Modern Arnis (FMA)
Training Weapon Skills
Modern Arnis is a Filipino Martial Arts program—focused on self-defense, coordination, and timing, all with training weapons. Learn how attacks work (distance, angles, pressure), and how to respond with smart, efficient movement with a rattan stick or training knife.

Weapons training sharpens everything: footwork, reflexes, awareness, and control. And because we start with safe training tools (like rattan sticks), students can learn faster while staying responsible and injury-conscious.
Single stick fundamentals (angles, distance, timing, defense, counters)
Double stick patterns (Sinawali)
Tapi-Tapi drills (control, trapping, locking, reaction training)
Espada y daga concepts (sword & dagger principles)
Empty-hand application: striking, clinch control, joint locks, takedowns—plus “what if it’s unarmed?” answers built in

History

Modern Arnis is a Filipino Martial Art developed by Professor Remy Amador Presas with a simple goal: preserve traditional Arnis while making it safer and easier to learn for modern students. Traditional Filipino weapon arts were highly effective, but older training methods often came with frequent injuries. Presas emphasized structured partner drills, stick-to-stick training, and progressive learning so students could train hard and stay healthy.

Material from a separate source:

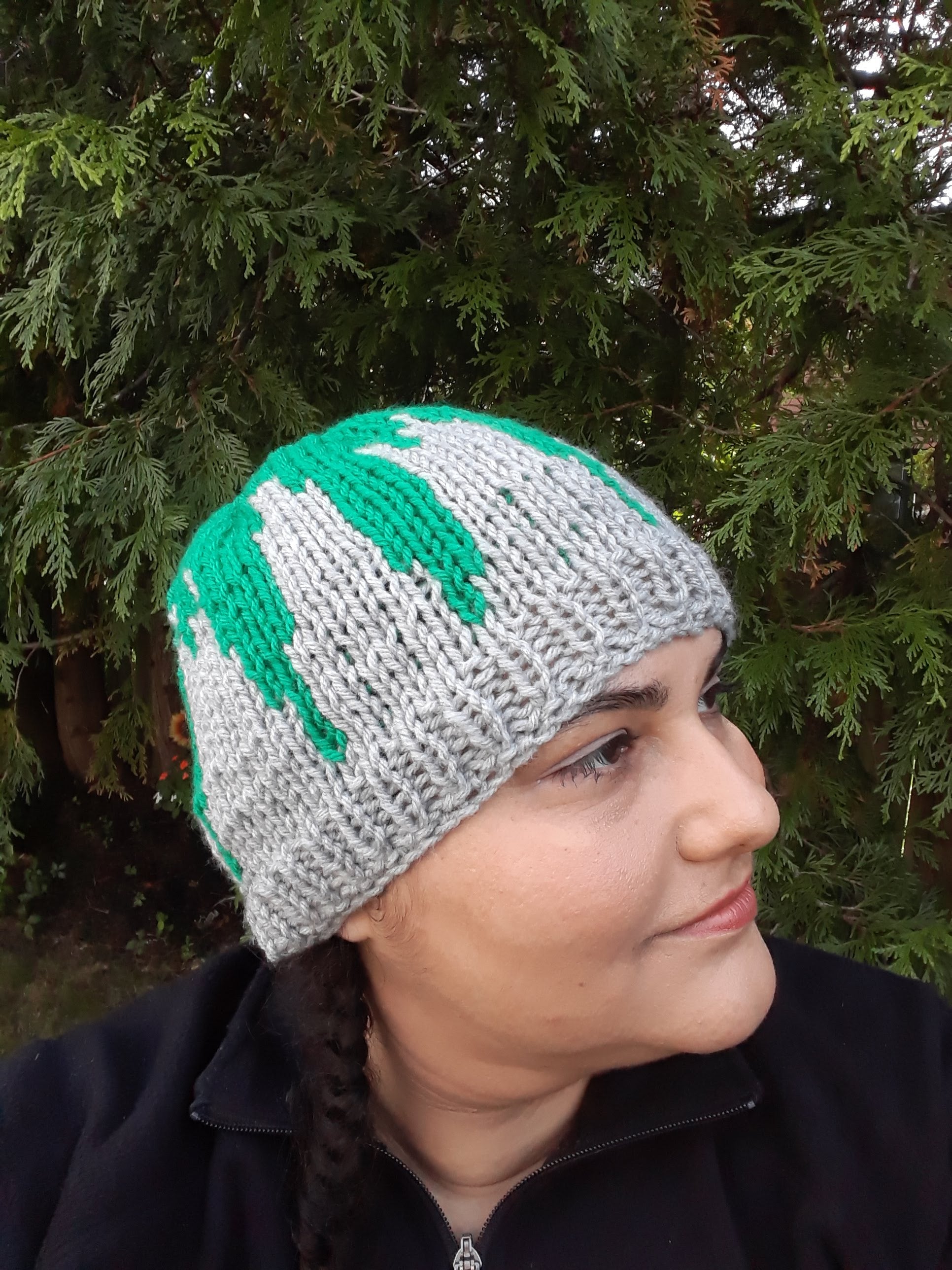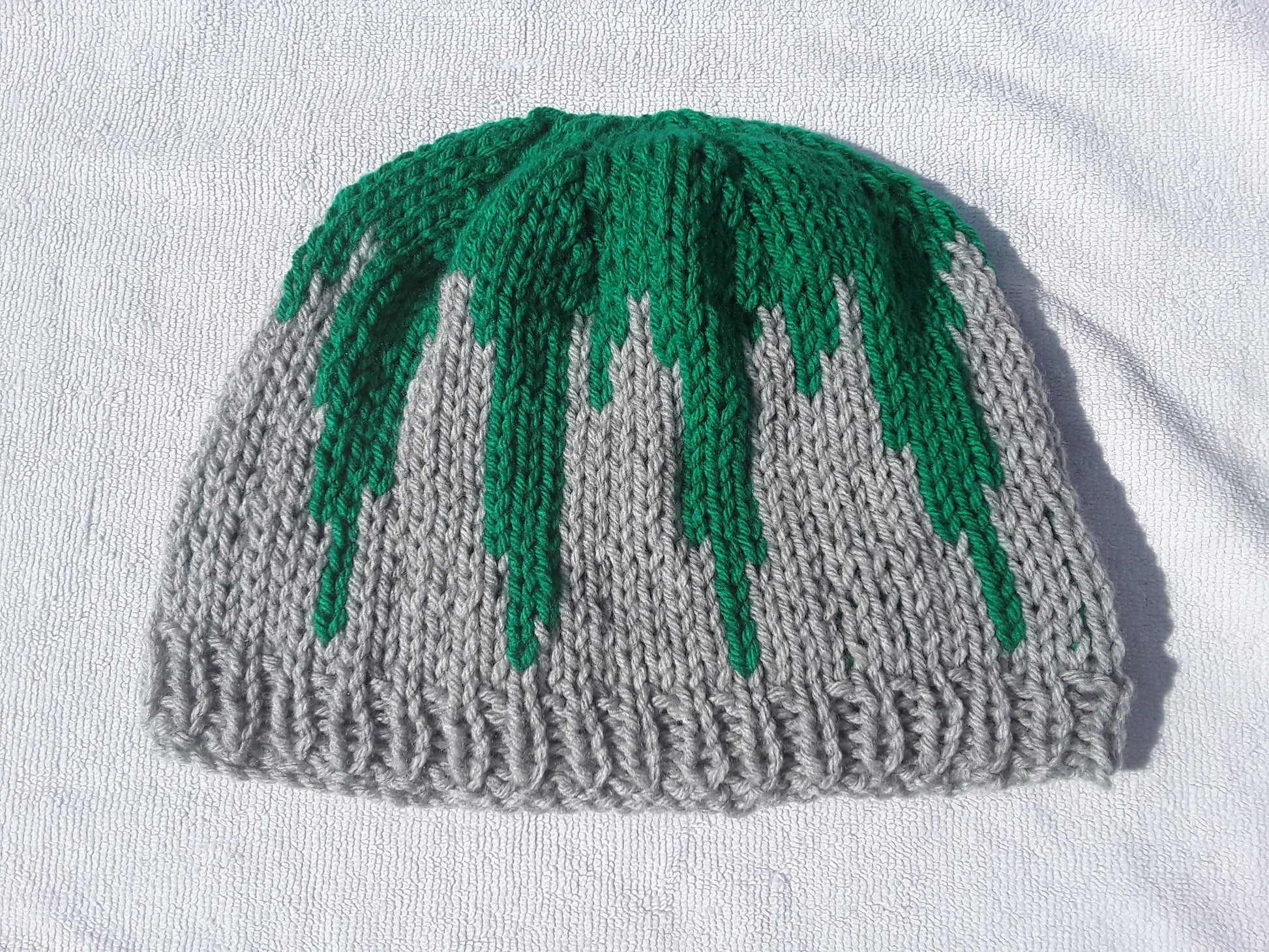 Handknit in Canada, 100% acrylic yarn. Can go in the washing machine; air dry recommended. One size fits most adults.

In the 1960s, Presas began organizing the principles he learned from older systems—especially Balintawak Eskrima and his family’s blade-and-stick traditions—into a more “student-friendly” curriculum. This approach helped Modern Arnis gain wider acceptance, including being approved for teaching in formal physical education settings in the Philippines by the late 1960s.

As Modern Arnis grew, it became known not just for stick work, but for how smoothly it connects weapons to empty-hand. Many of its drills teach timing, control, and positioning that translate directly into locks, takedowns, and practical self-defense applications—a big reason Modern Arnis became a gateway art for people who wanted realistic skills without needing to be a “weapons person” first.

Later in his life, Presas expanded Modern Arnis internationally through seminars, instructor development, and formal organizations to support the art’s growth. He also established/organized federations connected to Modern Arnis, including an International Modern Arnis Federation in the Philippines shortly before his passing in 2001.